Sun, Dec 22, 2013 - Page 1 News List

Thai opposition to boycott February’s general election


Democrat party leader Abhisit Vejjajiva,center, speaks next to his party members during a press conference at the Democrat party in bangkok yesterday. Thailand’s main opposition Democrat Party announced it would boycott snap elections in the crisis-gripped kingdom, piling further pressure on the government as protesters prepare to ramp up rallies aimed at suspending democracy.

Photo: AFP

Thailand’s main opposition Democrat Party said yesterday that it would boycott February’s general election, deepening the country’s weekslong political crisis.

The party’s leader, former Thai prime minister Abhisit Vejjajiva, announced the boycott after a meeting of party executives.

He said the decision was made to try to ensure that political reforms are implemented.

The party’s position reflects the stand taken by street protesters demanding that Thai Prime Minister Yingluck Shinawatra step down ahead of the elections.

The demonstrators want an appointed interim government to institute reforms before any new polls are held.

The Democrats, who are closely allied with the protest movement, also led an election boycott in 2006 that helped destabilize the government and paved the way for a military coup that ousted then-Thai prime minister Thaksin Shinawatra, Yingluck’s older brother.

The protest movement, led by a former senior member of the Democrat Party, Suthep Thaugsuban, has said it will insist that the Feb. 2 elections not be held if Yingluck stays on as caretaker prime minister.

However, Abhisit distanced his party from that position, saying it respected the concept of elections.

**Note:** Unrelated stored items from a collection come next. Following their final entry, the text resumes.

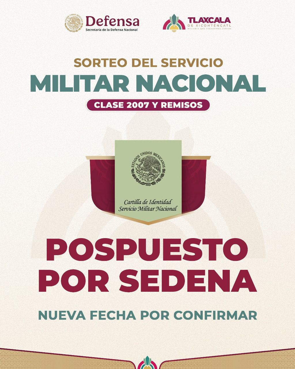 El Ayuntamiento de Tlaxcala informa a los jóvenes de la clase 2007 y remisos que, por instrucciones de la Secretaría de la Defensa Nacional (Sedena), el Sorteo del Servicio Militar Nacional, programado para el domingo 9 de noviembre de 2025 en la capital, se pospone hasta nuevo aviso.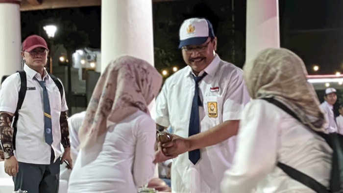 Kepala Dinas Pendidikan Kota Pasuruan, Lucky Danardono, tampil berseragam SMA lengkap dengan ranselnya.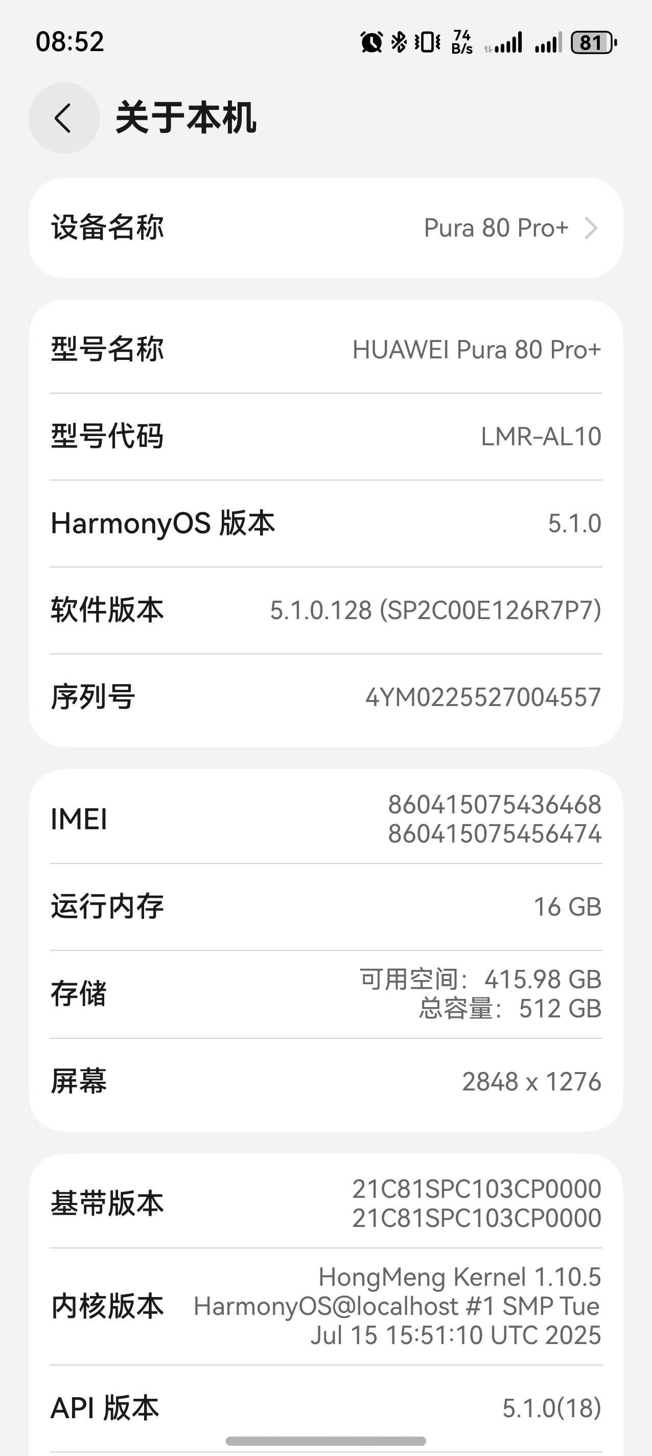 出自用 华为。P80 pro+ 黑色 16+256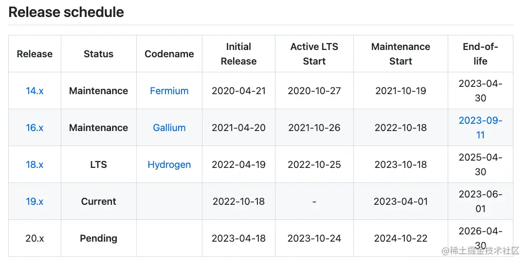 - Node.js 各版本停止维护时间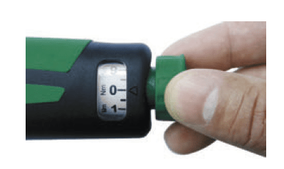 Ajuste rápido desde el exterior, sin necesidad de desmontar la llave dinamométrica, con ayuda de os puntos de ajuste para los valores superiores e inferiores.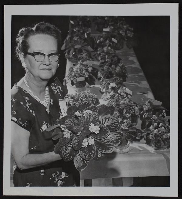 Flowers - African violet show - Mrs. J. A. Dove with display.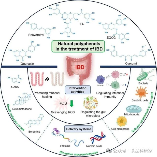天然多酚凭借优异的抗氧化、抗炎及免疫调节生物活性,在 IBD 治疗研究中取得了显著进展,展现出双重应用潜力:既可以作为治疗药物缓解 IBD 的病理变化,也可作为构建递送系统的重要材料。本综述全面总结了多酚干预 IBD 进展的四大机制,包括促进伤口愈合、发挥抗氧化作用、调节肠道菌群及调控肠道免疫。此外,系统梳理了各类多酚介导的药物递送系统在 IBD 治疗中的显著潜力,这些系统能够递送多种治疗剂,涵盖人工小分子药物、天然来源化合物、生物活性蛋白、核酸类治疗剂以及细胞成分与活细胞,凸显了多酚基平台在应对 IBD 复杂病理生理机制中的广泛适用性。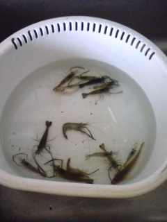 - 2日は、そろそろ釣れはじめた手長エビを狙いに、木曽川へ。高速の渋滞をさけるため、手長エビ釣りにしては早い6時出発。1時間ほどでいつものポイントについたが、どうも水況は悪い。小潮のためか、魚の姿もあまり見えない。1時間に1〜2匹のペースで、ちょっと変化のあるテトラの穴でぽつりぽつりと釣れる。やっぱりまだ早いようだ。4箇所ほど場所を変えて、計18匹。ちょっとしたおつまみになったくらい。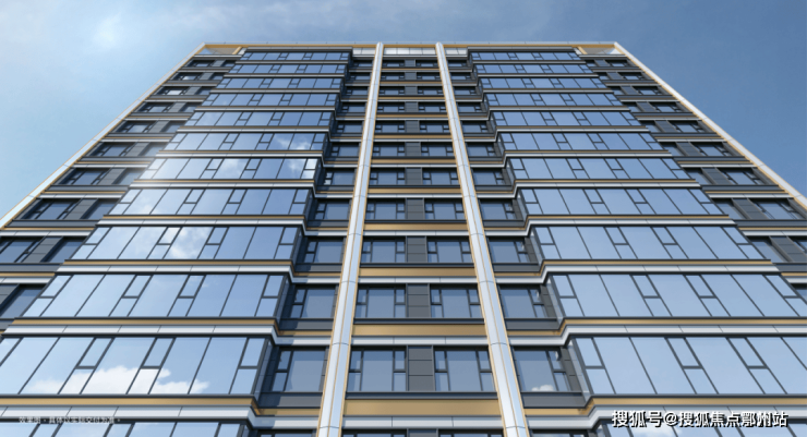 取色琥珀之金、鎏金之橙、青云之灰、珍珠之蓝等地标审美,铝板和low-E玻璃结合立面,造型取自江南粉墙黛瓦,与海派记忆石库门相结合,叠加毫米级金属铝板线脚,打造现代简约的钻感立面,凸显项目的尊贵感和品质感。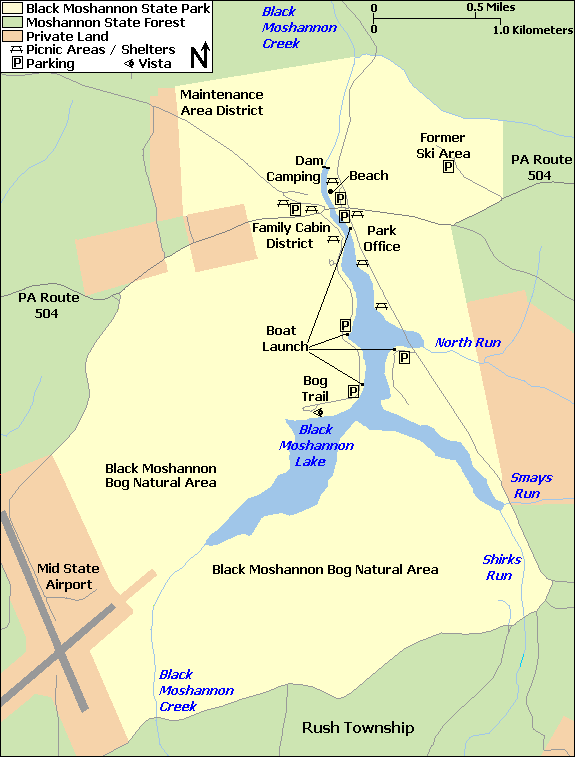 Location of Mid-State Regional Airport relative to Black Moshannon State Park |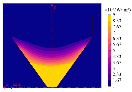 Heat source distribution between the electrode gaps when Ip = 2 A, t = 0.001 s. (For easy display, the heat source range is selected from 1 × 107 to 9 × 107 W/m3, and the remaining range fluctuates wildly).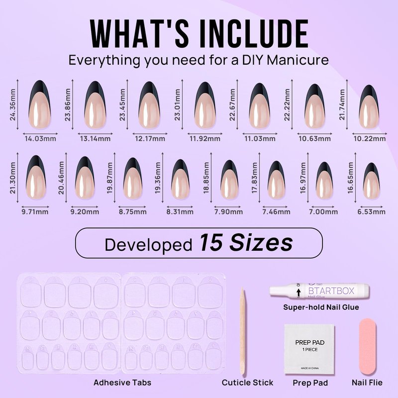 - What's Include: 15 nail sizes ensure a totally custom fit, plus we give you everything needed just in case! Each set comes complete with a storage box, nail glue, adhesive tabs, double-sided nail file, cuticle stick, and prep pad.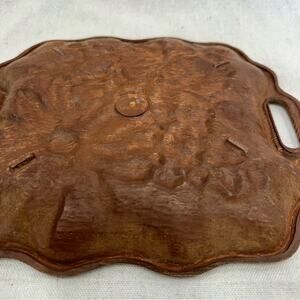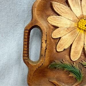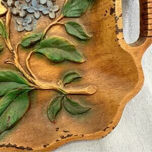 Vintage MCM scalloped wood look serving tray with raised painted floral pattern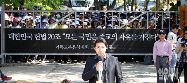 15일 경기도 안성시 금수원 정문 앞에서 기독교복음침례회(구원파) 신도들이 입구를 봉쇄한 가운데 구원파 대변인이 입장을 밝히는 기자회견을 갖고 있다.

Earlier yesterday, Yingluck formally proposed a plan for making political reforms after the election.

Thailand has been wracked by sometimes violent political conflict since the coup that toppled billionaire Thaksin, who was accused of corruption and abuse of power.

The protesters say Thai politics are hopelessly corrupt under Thaksin’s continuing influence, and that he buys his electoral support from the country’s urban and rural poor.

They accuse Yingluck of being Thaksin’s puppet, and believe that traditional one-man, one-vote democracy does not work because the poor are not educated enough to choose responsible leaders.

Thaksin’s supporters say he is disliked by Bangkok’s elite because he has shifted power away from the traditional ruling class.